BUG #1800: "unexpected chunk number" during pg_dump

Started by Aaron Harshover 20 years ago6 messagesbugs

ajh@rentrak.com

over 20 years ago

The following bug has been logged online:

Bug reference: 1800
Logged by: Aaron Harsh
Email address: ajh@rentrak.com
PostgreSQL version: 7.4.6
Operating system: RedHat ES release 3, x86_64
Description: "unexpected chunk number" during pg_dump
Details:

Our regular pg_dump aborted this afternoon with this output:

pg_dump: ERROR: unexpected chunk number 0 (expected 1) for toast value
4294879152
pg_dump: SQL command to dump the contents of table "dataset_cache" failed:
PQendcopy() failed.
pg_dump: Error message from server: ERROR: unexpected chunk number 0
(expected 1) for toast value 4294879152
pg_dump: The command was: COPY public.dataset_cache (checksum, version_no,
bind_params, sql_statement, serialized_value, date_created) TO stdout;
pg_dump: *** aborted because of error

We saw the same message when we tried to cluster the effective table. The
problem went away after truncating the table.

I've searched the pgsql-bugs archives and found reports of this problem, but
haven't seen a solution. Is there a solution to keep this from happening in
the future? (Version upgrade maybe?)

Alvaro Herrera

alvherre@2ndquadrant.com

over 20 years ago

In reply to: Aaron Harsh (#1)

Re: BUG #1800: "unexpected chunk number" during pg_dump

On Mon, Aug 01, 2005 at 06:02:30AM +0100, Aaron Harsh wrote:

pg_dump: ERROR: unexpected chunk number 0 (expected 1) for toast value
4294879152
pg_dump: SQL command to dump the contents of table "dataset_cache" failed:
PQendcopy() failed.
pg_dump: Error message from server: ERROR: unexpected chunk number 0
(expected 1) for toast value 4294879152
pg_dump: The command was: COPY public.dataset_cache (checksum, version_no,
bind_params, sql_statement, serialized_value, date_created) TO stdout;
pg_dump: *** aborted because of error

We saw the same message when we tried to cluster the effective table. The
problem went away after truncating the table.

I've searched the pgsql-bugs archives and found reports of this problem, but
haven't seen a solution.

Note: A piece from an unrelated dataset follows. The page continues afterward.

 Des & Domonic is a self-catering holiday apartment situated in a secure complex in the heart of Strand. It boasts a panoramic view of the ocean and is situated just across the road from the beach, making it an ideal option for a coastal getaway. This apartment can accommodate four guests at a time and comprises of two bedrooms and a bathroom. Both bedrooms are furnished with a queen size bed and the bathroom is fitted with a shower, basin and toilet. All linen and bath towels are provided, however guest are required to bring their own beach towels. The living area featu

Is there a solution to keep this from happening in
the future? (Version upgrade maybe?)

Looks very much like the table was corrupted. Maybe you should try to
test your RAM and disks. Not sure how to do that on x86-64 though,
unless the test utility at www.memtest86.com has been ported to it.

--
Alvaro Herrera (<alvherre[a]alvh.no-ip.org>)
"La naturaleza, tan frï¿½gil, tan expuesta a la muerte... y tan viva"

Oliver Jowett

oliver@opencloud.com

over 20 years ago

In reply to: Alvaro Herrera (#2)

Re: BUG #1800: "unexpected chunk number" during pg_dump

Alvaro Herrera wrote:

Looks very much like the table was corrupted. Maybe you should try to
test your RAM and disks. Not sure how to do that on x86-64 though,
unless the test utility at www.memtest86.com has been ported to it.

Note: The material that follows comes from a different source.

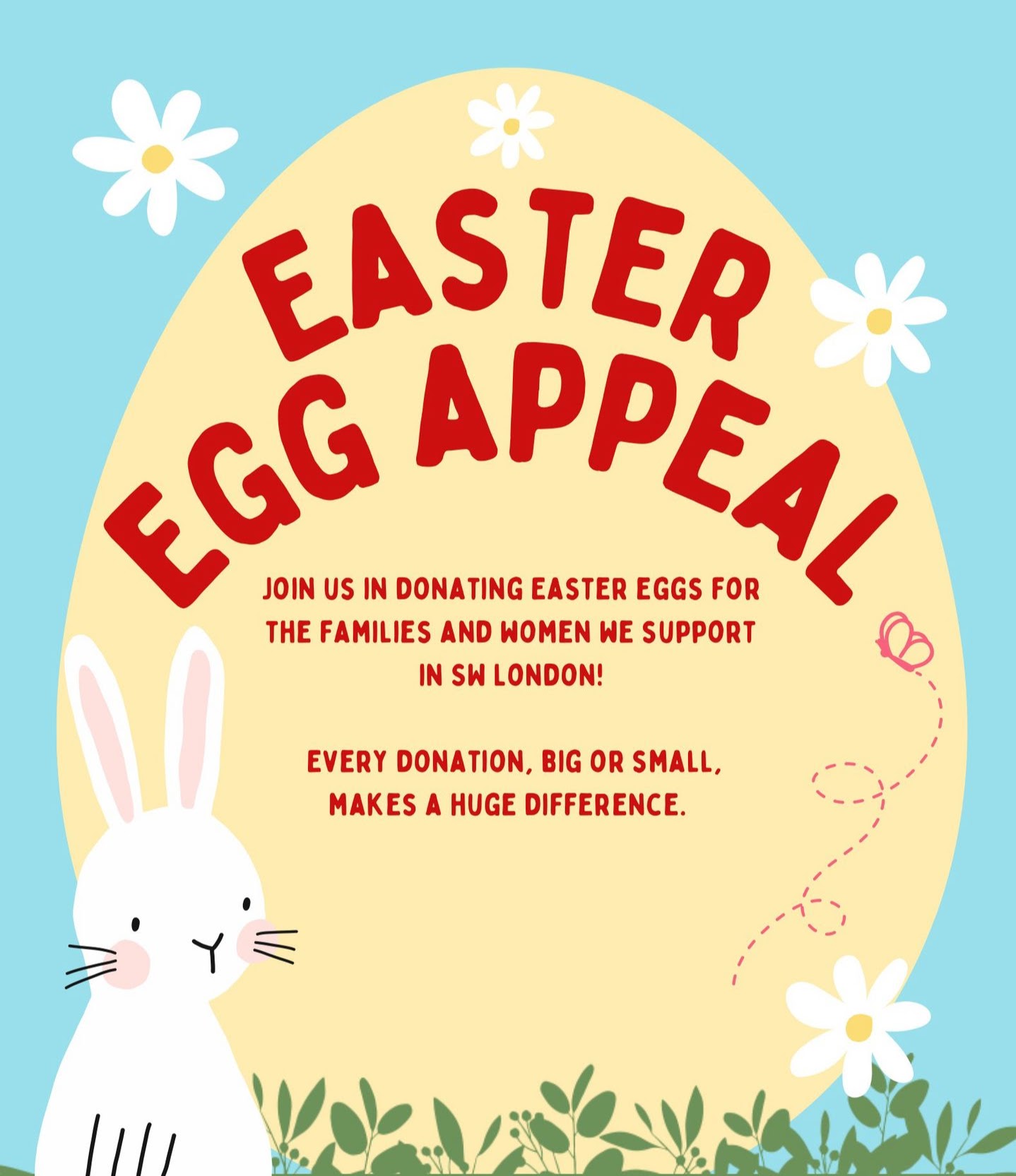 Please donate so we can provide our Wimbledon hotel residents with a lovely Easter egg each. Asylum seekers have to live off £8.86 a week so we like to provide them with a nice seasonal treat, especially the children. Each large egg is £4 - please buy as many as you want! We will be giving them out on 4th April as we're closed for Easter.

x86-64 systems will still boot and run 32-bit code fine (although
obviously memtest86 isn't going to test memory it can't address in
32-bit mode)

-O

Aaron Harsh

ajh@rentrak.com

over 20 years ago

In reply to: Oliver Jowett (#3)

Re: BUG #1800: "unexpected chunk number" during pg_dump

Alvaro Herrera <alvherre@alvh.no-ip.org> 08/10/05 9:03 AM >>>

On Mon, Aug 01, 2005 at 06:02:30AM +0100, Aaron Harsh wrote:

pg_dump: ERROR: unexpected chunk number 0 (expected 1) for toast value
...

Looks very much like the table was corrupted. Maybe you should try to
test your RAM and disks. Not sure how to do that on x86-64 though,
unless the test utility at www.memtest86.com has been ported to it.

The server is running off of ECC RAM on a RAID-10 set, so a one-off disk/RAM failure seems unlikely. The server had been running beautifully for 6 months prior to this error, and hasn't been evidencing the problem since, so it seems unlikely that this is due to a bad DIMM or RAID controller.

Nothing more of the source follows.